Freedom is not procured by a full enjoyment of what is desired, but by controlling the desire. Is freedom anything else than the right to live as we wish? Nothing else. Know, first, who you are, and then adorn yourself accordingly. – Epictetus

If we were to take a look around the landscape of our lives we would see that it is filled with friends and acquaintances with a variety of strengths and weaknesses. Some of us struggle with our diet while others always seem to be fit. Some of us struggle with selfishness while others seem to have a natural balance between charity and self respect. Some of us struggle with lust and fidelity while others do not seem to be moved at all by the advances of others.

I think we know more about the next person’s struggle than we realize but we often try to ignore it. We try our best not to let the hardships of others affect us while at the same time we welcome the strengths of others to enrich us.

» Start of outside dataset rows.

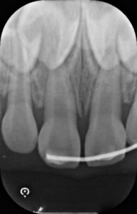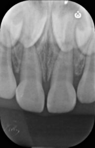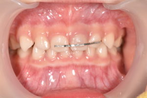 乳歯の形態には異常はなく、打った歯の位置が変わっているため元の位置に整復し、ワイヤーで固定を行います。
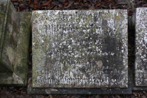 mit Namen und Inschrift auf der Seite des Gräberfeldes. Darüber
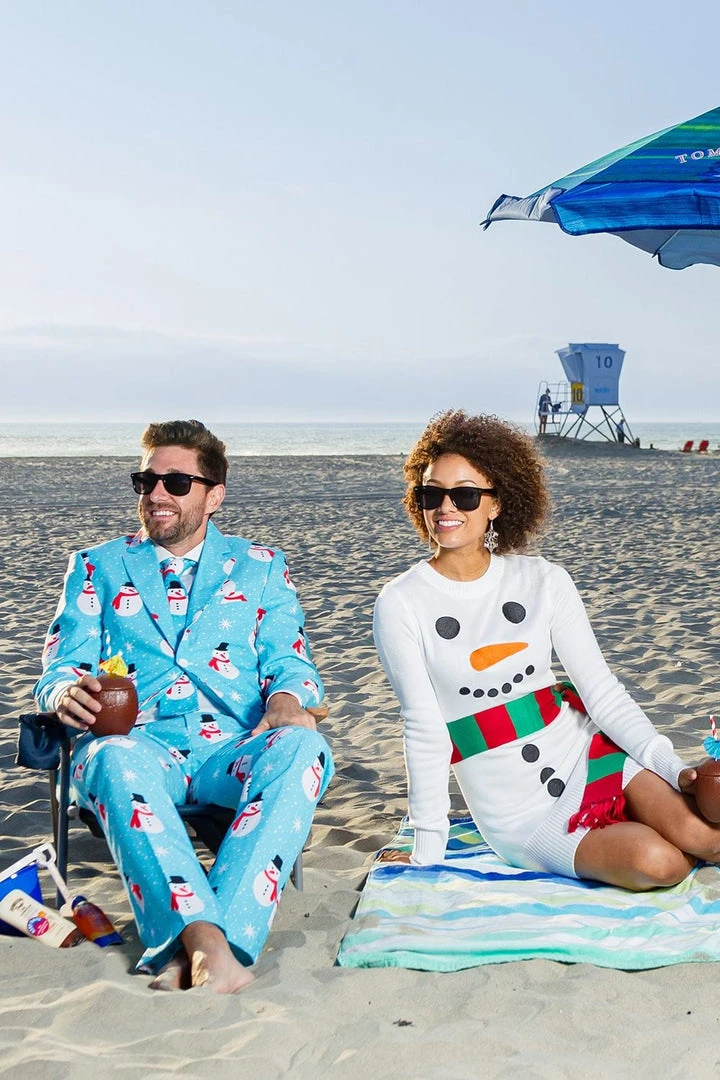 Watch all the ladies melt when you stroll into the room wearing these frostily cheerful holiday trousers. If you’re really bold, you can wear a red scarf and a top hat with this ensemble. But skip the carrot nose. It’s too dangerous with all the reindeer roaming the streets on Christmas Eve-
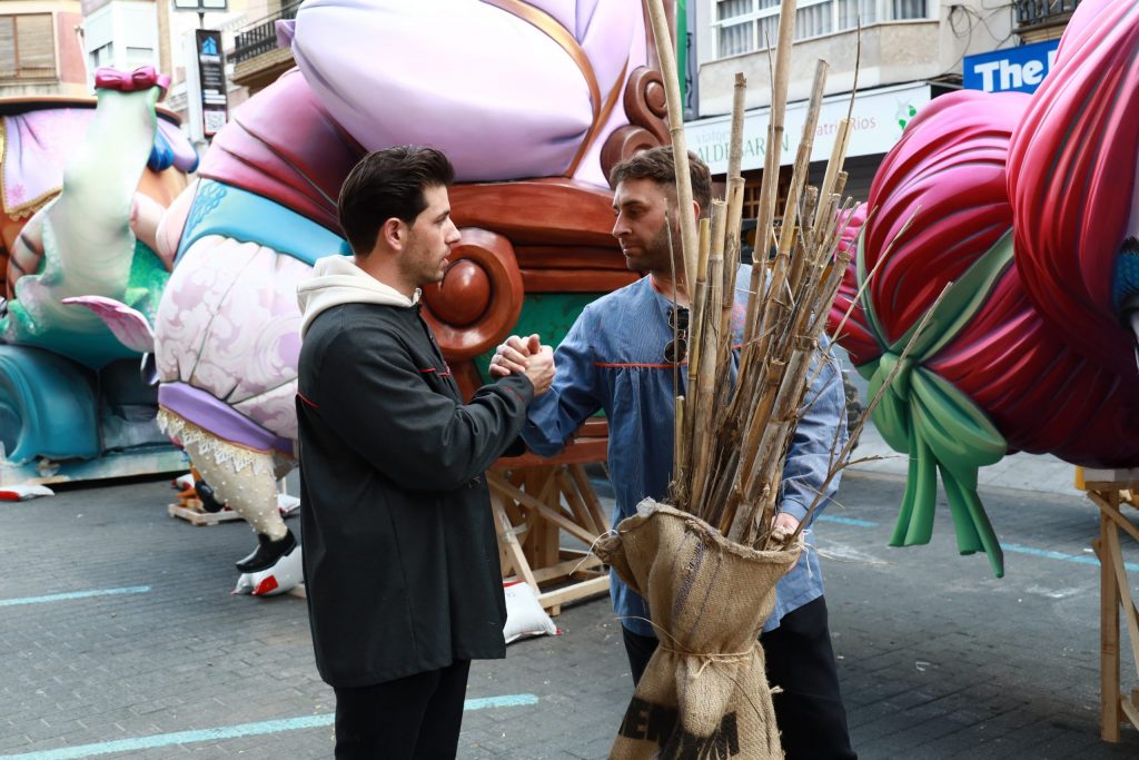 Durant la vesprada d’ahir, els regidors Víctor López i Javier Cerveró van repartir a les comissions falleres dos sacs amb restes arreplegades en el litoral de Cullera. Un per al monument gran i un altre per a l’infantil.

I’ve been thinking a lot about why I have done this in the past. Why am I always on the look out for the things that people around me do well and not looking for how they stumble?

I know that at least part of it at various times has been that I really don’t want to get involved. I don’t want to assume any responsibility for anyone else but me.

You might be wondering “what the heck is he talking about”. What is he getting at?”

Here’s my point.

I believe that when we truly care about those around us we naturally take them into consideration. This is why we like to share our strengths with our loved ones. We hope that our strengths can help those around us live better lives. But when it comes to weaknesses, there is something different at work. When we see that someone is weak with something that we don’t struggle with how should that affect our behavior? Should we change our actions to accommodate their struggle?

Here’s an example.

Let’s say that you have a friend who has problem with their weight and has made a commitment to improving their health. You two have decided to go to the movies but the next showing is in an hour. There isn’t enough time for you to go out to eat but you are starving. So, you pick something up on the way over to his house. You’ll eat it there, and then head to the flic. But there is a problem; you are craving McDonalds. And oh buddy does your friend love them crack fries.

What do you do?

I’m not saying that you have to dismiss your cravings but it is something to think about. How loving are you being to this friend if you show up to his house feasting on the remnants of a super sized meal? Sure you can eat that food on occasion because you are in good shape. It is permissible for you in light of your lifestyle. But what will it do to your friend. How will he feel after having just eaten a salad that he only marginally enjoyed? Maybe he will break his diet and head for them golden arches tomorrow…

The more loving thing to do would be to choose a meal for yourself that would be in line with you friend’s goals.

This may sound like I am suggesting that we always have to live for others. Quite the contrary! We cannot let anyone or anything besides God dictate how we live our lives. But what does it say about us if we cannot delay gratification to support a friend? Are we truly free? Do we really have control of ourselves? What does love really mean for us?

One of the important lessons I have learned with this season of fasting is the true meaning of freedom. I have learned, as one who strives to live from a place of love, that being truly free is having the ability to show love in the best way possible in every single moment. This requires that we step outside of the mirage of our desires and look at our lives from a more objective point of view.

For me it means transitioning from being more self-centered to being more-God centered; more focused on spreading the love that I have in my heart.

I have a LONG way to go in this but that’s cool. Life isn’t a sprint anyway. It’s a marathon.